**BRIEF:** Give again, word for word, the line holding "作为多个创新创业竞赛项目的核" and every line after it through the end of the data below. Omit pictures.

**SUPPLIED DATA:**
■ ■ ■ ■ ■ ■ ■
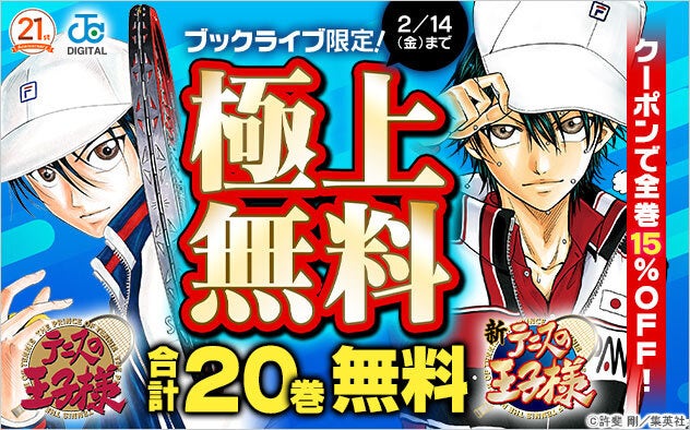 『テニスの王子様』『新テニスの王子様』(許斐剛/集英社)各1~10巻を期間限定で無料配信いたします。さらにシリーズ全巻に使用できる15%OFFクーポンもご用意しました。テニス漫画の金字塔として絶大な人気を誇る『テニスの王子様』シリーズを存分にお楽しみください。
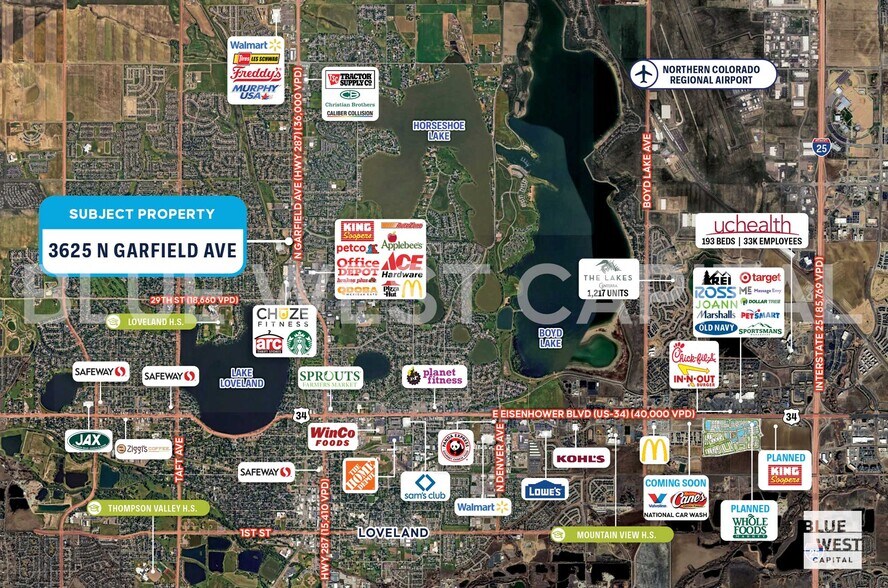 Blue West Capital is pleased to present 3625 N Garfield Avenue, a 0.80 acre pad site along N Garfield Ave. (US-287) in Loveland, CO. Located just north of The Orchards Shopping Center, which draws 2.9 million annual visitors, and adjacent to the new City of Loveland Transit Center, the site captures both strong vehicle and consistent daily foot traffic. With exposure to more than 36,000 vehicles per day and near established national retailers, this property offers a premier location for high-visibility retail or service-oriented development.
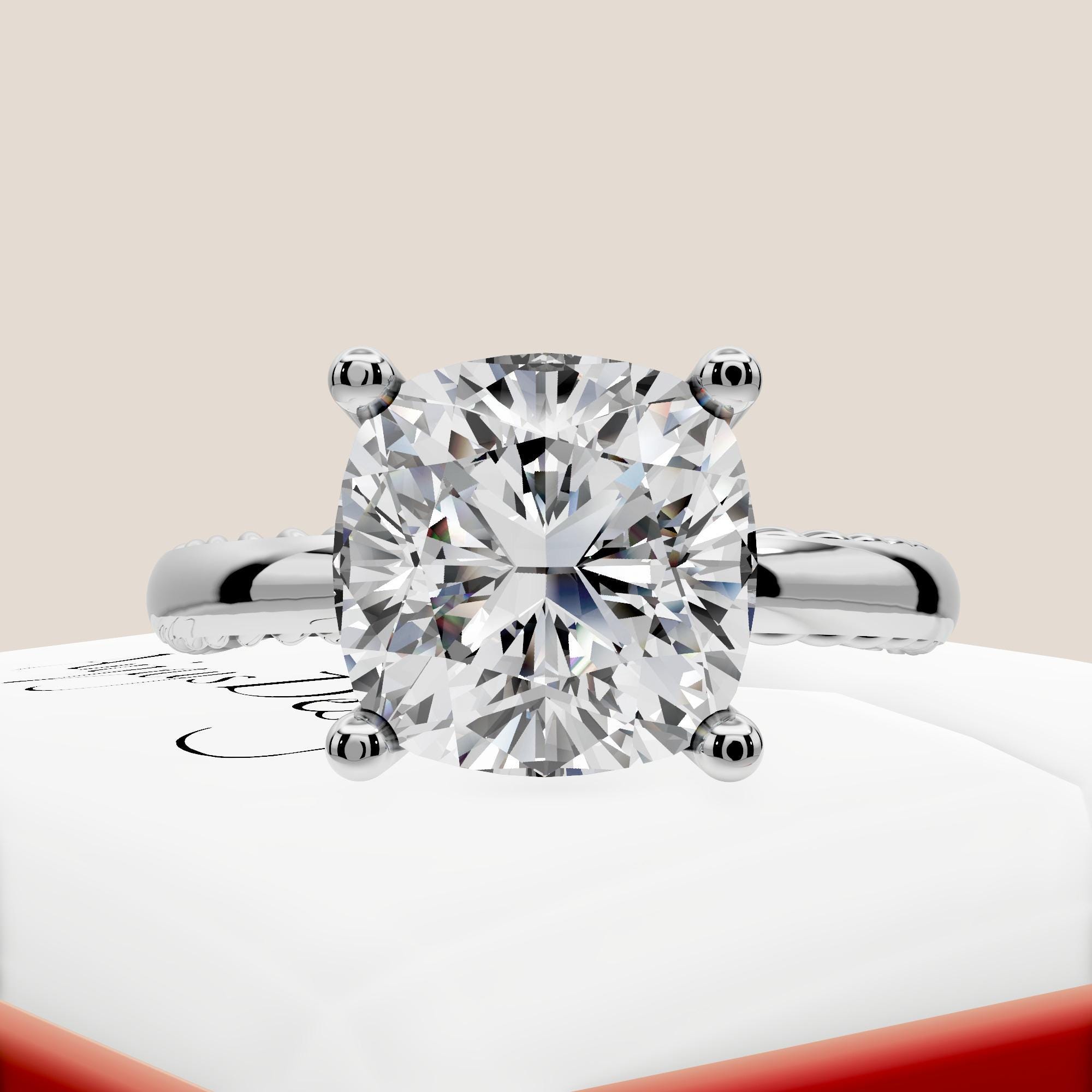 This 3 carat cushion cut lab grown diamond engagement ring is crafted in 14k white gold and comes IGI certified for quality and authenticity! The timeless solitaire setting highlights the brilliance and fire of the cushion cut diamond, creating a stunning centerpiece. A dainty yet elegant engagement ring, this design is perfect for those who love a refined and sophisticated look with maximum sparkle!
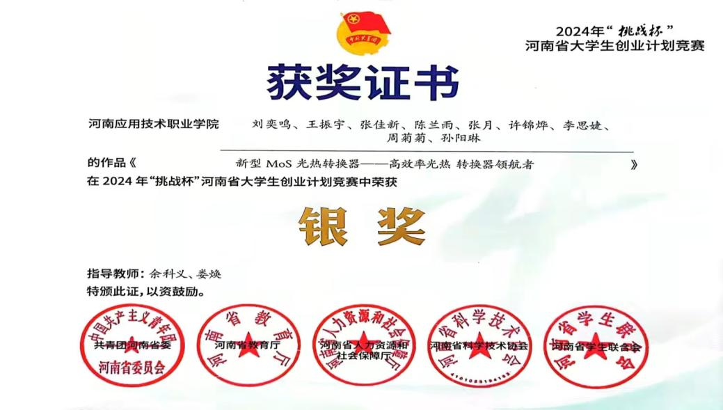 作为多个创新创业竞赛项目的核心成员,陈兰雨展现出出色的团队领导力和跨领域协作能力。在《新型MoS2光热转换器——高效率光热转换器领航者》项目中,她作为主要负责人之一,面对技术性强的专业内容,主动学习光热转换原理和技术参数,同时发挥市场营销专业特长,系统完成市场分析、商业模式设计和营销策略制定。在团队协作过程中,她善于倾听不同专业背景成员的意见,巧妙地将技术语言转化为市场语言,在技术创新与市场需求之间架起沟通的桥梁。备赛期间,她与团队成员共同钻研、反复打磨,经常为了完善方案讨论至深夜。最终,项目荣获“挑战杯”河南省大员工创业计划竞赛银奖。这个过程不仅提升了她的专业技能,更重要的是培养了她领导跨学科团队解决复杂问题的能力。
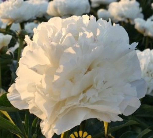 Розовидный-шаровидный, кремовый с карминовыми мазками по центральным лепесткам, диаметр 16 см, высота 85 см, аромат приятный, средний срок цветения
■ ■ ■ ■ ■ ■ ■
**TASK ANSWER:**
 作为多个创新创业竞赛项目的核心成员,陈兰雨展现出出色的团队领导力和跨领域协作能力。在《新型MoS2光热转换器——高效率光热转换器领航者》项目中,她作为主要负责人之一,面对技术性强的专业内容,主动学习光热转换原理和技术参数,同时发挥市场营销专业特长,系统完成市场分析、商业模式设计和营销策略制定。在团队协作过程中,她善于倾听不同专业背景成员的意见,巧妙地将技术语言转化为市场语言,在技术创新与市场需求之间架起沟通的桥梁。备赛期间,她与团队成员共同钻研、反复打磨,经常为了完善方案讨论至深夜。最终,项目荣获“挑战杯”河南省大员工创业计划竞赛银奖。这个过程不仅提升了她的专业技能,更重要的是培养了她领导跨学科团队解决复杂问题的能力。
 Розовидный-шаровидный, кремовый с карминовыми мазками по центральным лепесткам, диаметр 16 см, высота 85 см, аромат приятный, средний срок цветения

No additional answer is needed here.